Work item: In the material below, the lines between the one holding "La esparraguera dispone" and the one holding "This auction presents", inclusive, are to be set down word for word. Pictures stay out.

Material to process:
+ + + + + + +

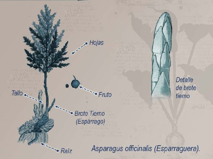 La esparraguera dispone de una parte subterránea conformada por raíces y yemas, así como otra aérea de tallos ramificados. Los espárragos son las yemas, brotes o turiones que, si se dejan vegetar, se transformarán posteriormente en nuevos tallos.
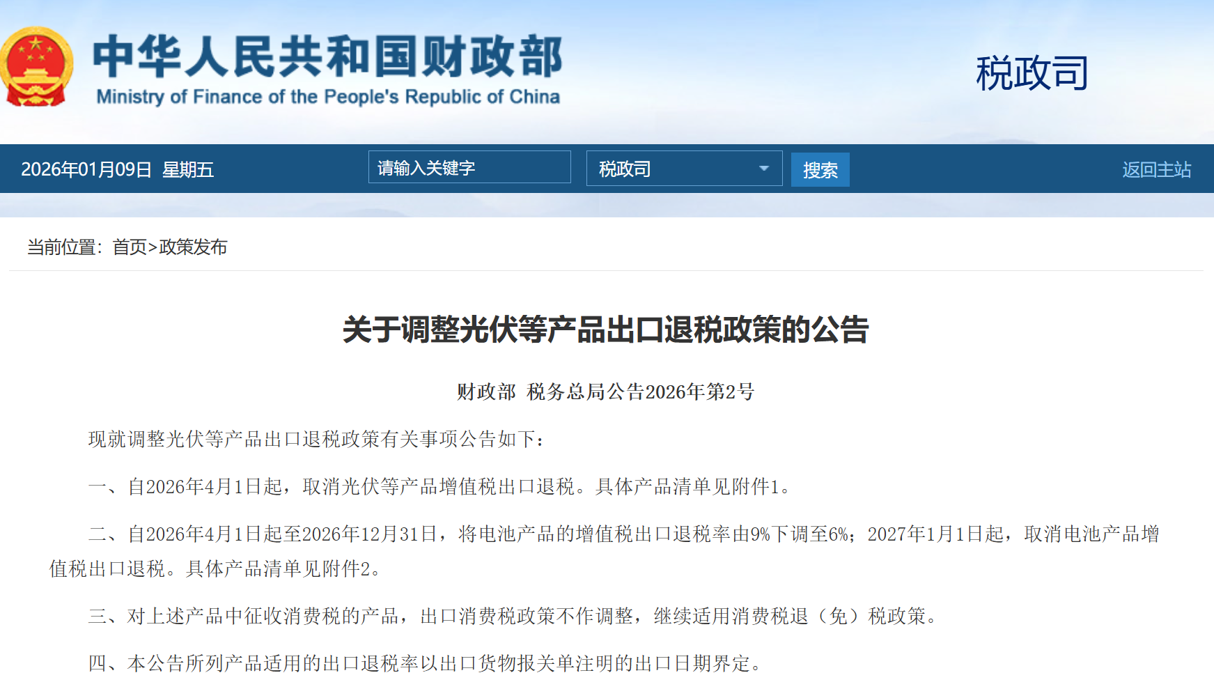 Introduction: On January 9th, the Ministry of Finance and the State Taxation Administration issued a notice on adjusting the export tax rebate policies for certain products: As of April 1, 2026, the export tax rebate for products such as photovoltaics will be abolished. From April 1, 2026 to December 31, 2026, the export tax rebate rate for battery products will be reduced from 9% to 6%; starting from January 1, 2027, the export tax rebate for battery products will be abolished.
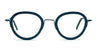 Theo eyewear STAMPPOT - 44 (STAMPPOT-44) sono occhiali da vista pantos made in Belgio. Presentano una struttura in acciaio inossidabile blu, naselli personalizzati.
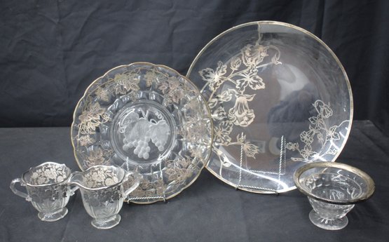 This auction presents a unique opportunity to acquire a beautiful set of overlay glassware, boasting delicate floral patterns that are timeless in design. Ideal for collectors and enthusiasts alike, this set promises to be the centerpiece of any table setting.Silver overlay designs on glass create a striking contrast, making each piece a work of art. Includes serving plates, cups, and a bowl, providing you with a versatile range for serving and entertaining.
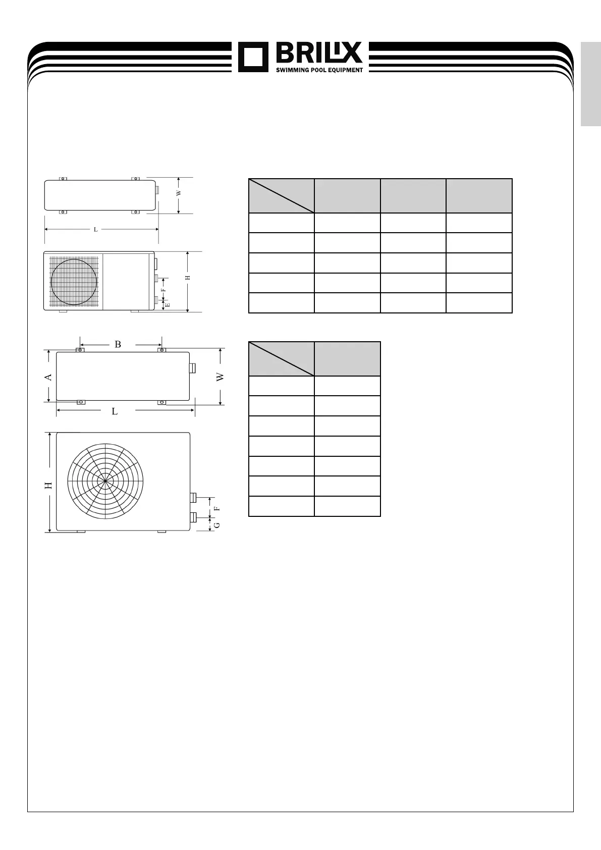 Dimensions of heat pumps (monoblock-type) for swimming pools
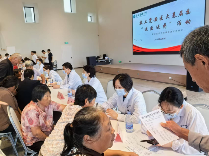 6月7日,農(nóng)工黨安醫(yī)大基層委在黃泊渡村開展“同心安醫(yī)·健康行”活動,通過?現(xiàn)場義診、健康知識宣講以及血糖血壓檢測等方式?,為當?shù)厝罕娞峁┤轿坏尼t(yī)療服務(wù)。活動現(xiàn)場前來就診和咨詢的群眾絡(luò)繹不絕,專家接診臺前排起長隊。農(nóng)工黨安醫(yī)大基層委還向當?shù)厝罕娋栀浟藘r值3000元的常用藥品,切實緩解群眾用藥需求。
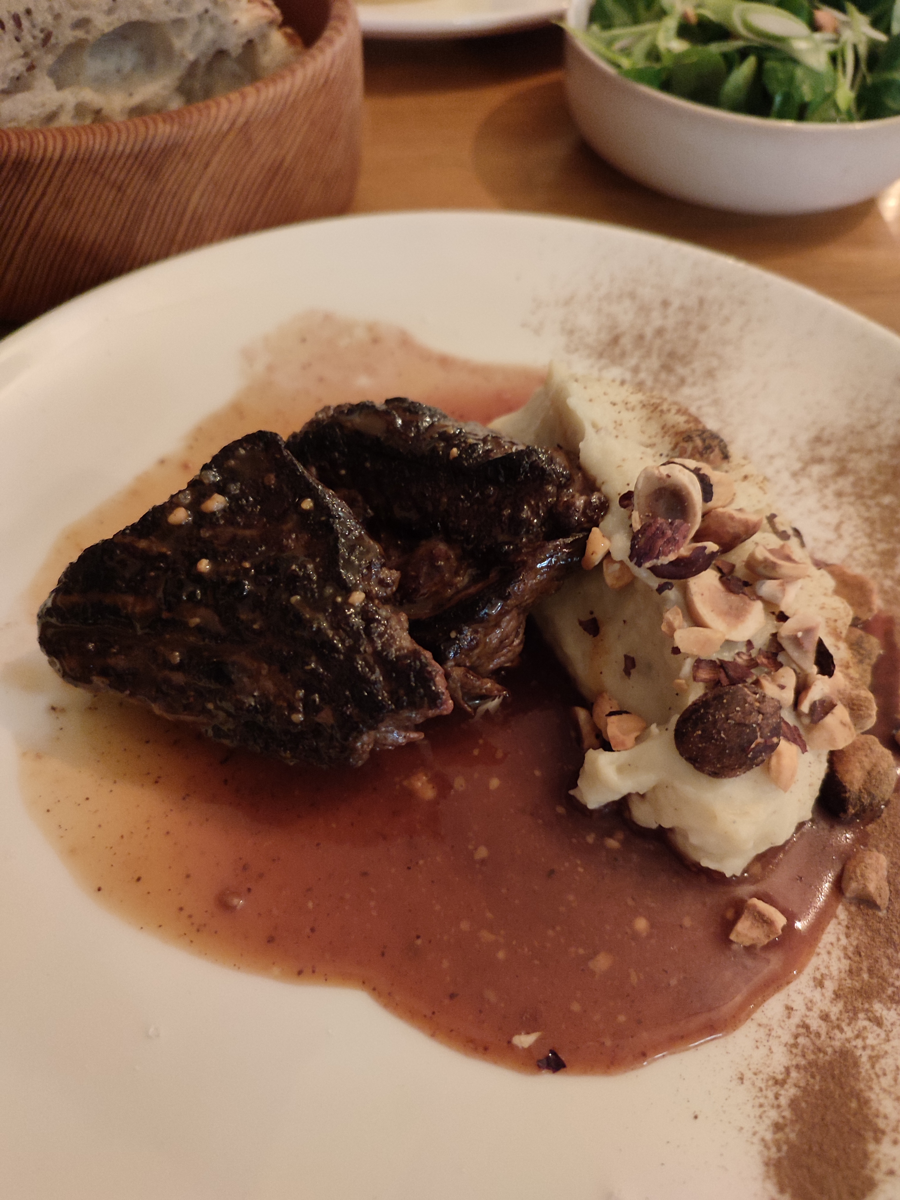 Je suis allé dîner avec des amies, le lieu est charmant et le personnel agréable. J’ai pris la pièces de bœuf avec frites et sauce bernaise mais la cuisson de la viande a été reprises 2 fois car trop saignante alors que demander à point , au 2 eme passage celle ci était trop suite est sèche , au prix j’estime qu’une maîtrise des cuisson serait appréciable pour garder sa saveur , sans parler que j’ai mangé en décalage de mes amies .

+ + + + + + +

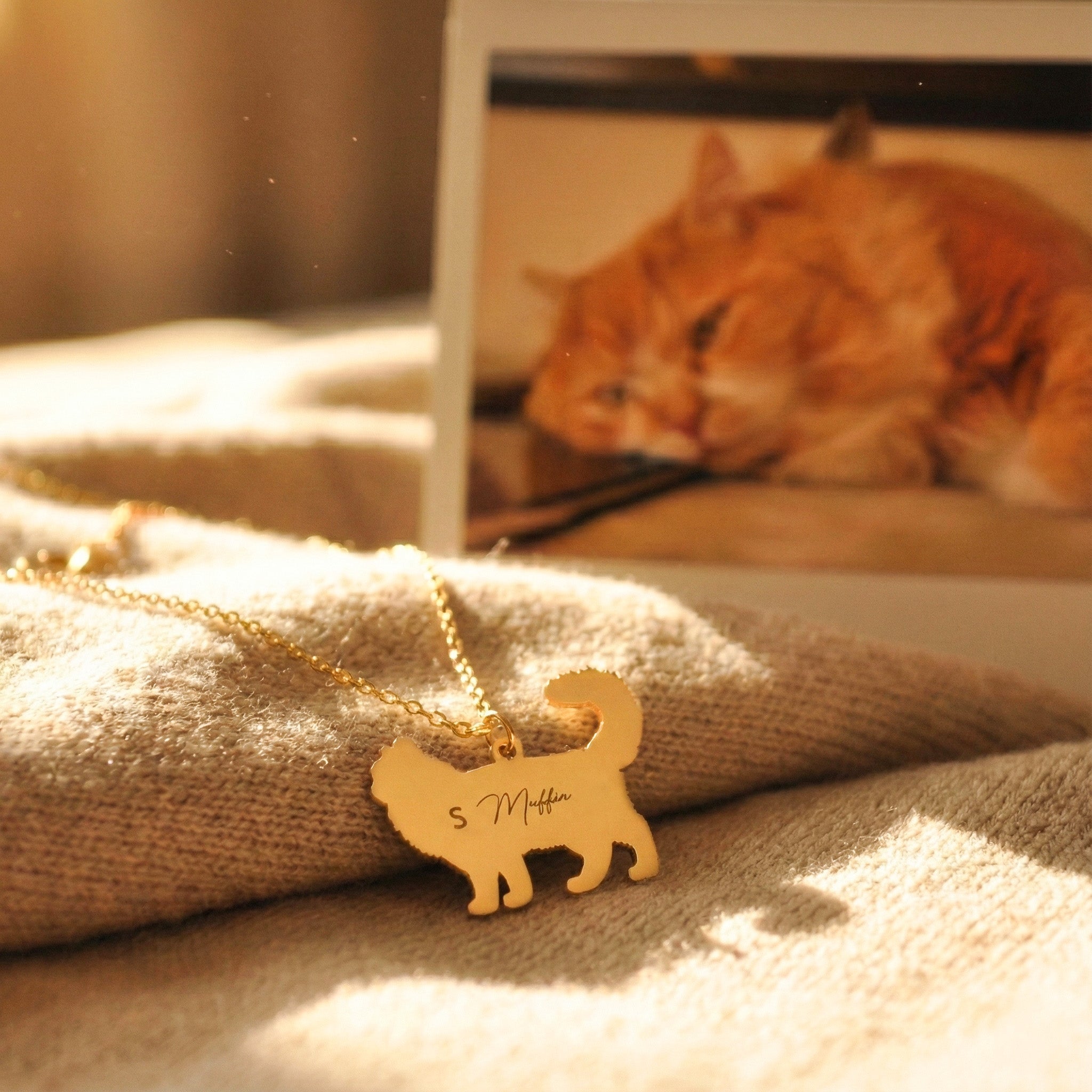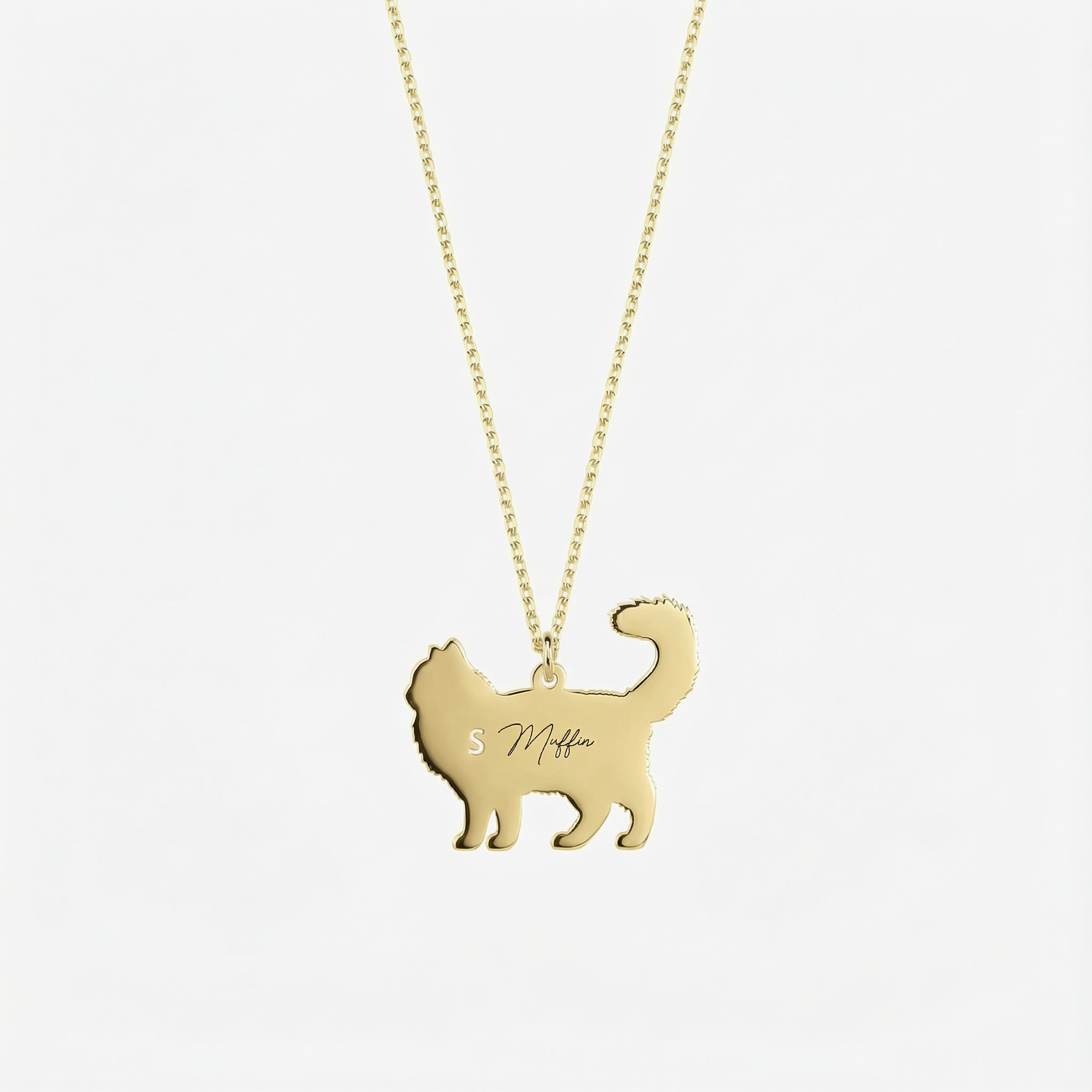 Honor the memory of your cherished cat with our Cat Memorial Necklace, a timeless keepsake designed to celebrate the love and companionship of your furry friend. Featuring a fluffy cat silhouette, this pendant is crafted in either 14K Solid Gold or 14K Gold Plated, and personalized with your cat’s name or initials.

+ + + + + + +

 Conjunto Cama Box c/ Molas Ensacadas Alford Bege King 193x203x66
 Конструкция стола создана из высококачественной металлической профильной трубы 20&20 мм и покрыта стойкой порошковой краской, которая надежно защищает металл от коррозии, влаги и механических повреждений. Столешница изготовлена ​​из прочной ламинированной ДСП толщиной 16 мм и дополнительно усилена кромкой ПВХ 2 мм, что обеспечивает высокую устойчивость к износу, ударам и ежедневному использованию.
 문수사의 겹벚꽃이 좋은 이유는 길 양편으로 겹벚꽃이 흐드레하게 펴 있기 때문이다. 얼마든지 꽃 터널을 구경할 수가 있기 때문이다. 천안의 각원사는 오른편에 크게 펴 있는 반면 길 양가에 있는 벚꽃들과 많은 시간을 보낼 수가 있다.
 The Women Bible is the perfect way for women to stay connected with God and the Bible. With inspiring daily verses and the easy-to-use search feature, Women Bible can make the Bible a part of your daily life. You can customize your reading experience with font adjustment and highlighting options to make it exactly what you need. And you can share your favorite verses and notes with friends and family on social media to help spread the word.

+ + + + + + +

Exercise response:
 La esparraguera dispone de una parte subterránea conformada por raíces y yemas, así como otra aérea de tallos ramificados. Los espárragos son las yemas, brotes o turiones que, si se dejan vegetar, se transformarán posteriormente en nuevos tallos.
 Introduction: On January 9th, the Ministry of Finance and the State Taxation Administration issued a notice on adjusting the export tax rebate policies for certain products: As of April 1, 2026, the export tax rebate for products such as photovoltaics will be abolished. From April 1, 2026 to December 31, 2026, the export tax rebate rate for battery products will be reduced from 9% to 6%; starting from January 1, 2027, the export tax rebate for battery products will be abolished.
 Theo eyewear STAMPPOT - 44 (STAMPPOT-44) sono occhiali da vista pantos made in Belgio. Presentano una struttura in acciaio inossidabile blu, naselli personalizzati.
 This auction presents a unique opportunity to acquire a beautiful set of overlay glassware, boasting delicate floral patterns that are timeless in design. Ideal for collectors and enthusiasts alike, this set promises to be the centerpiece of any table setting.Silver overlay designs on glass create a striking contrast, making each piece a work of art. Includes serving plates, cups, and a bowl, providing you with a versatile range for serving and entertaining.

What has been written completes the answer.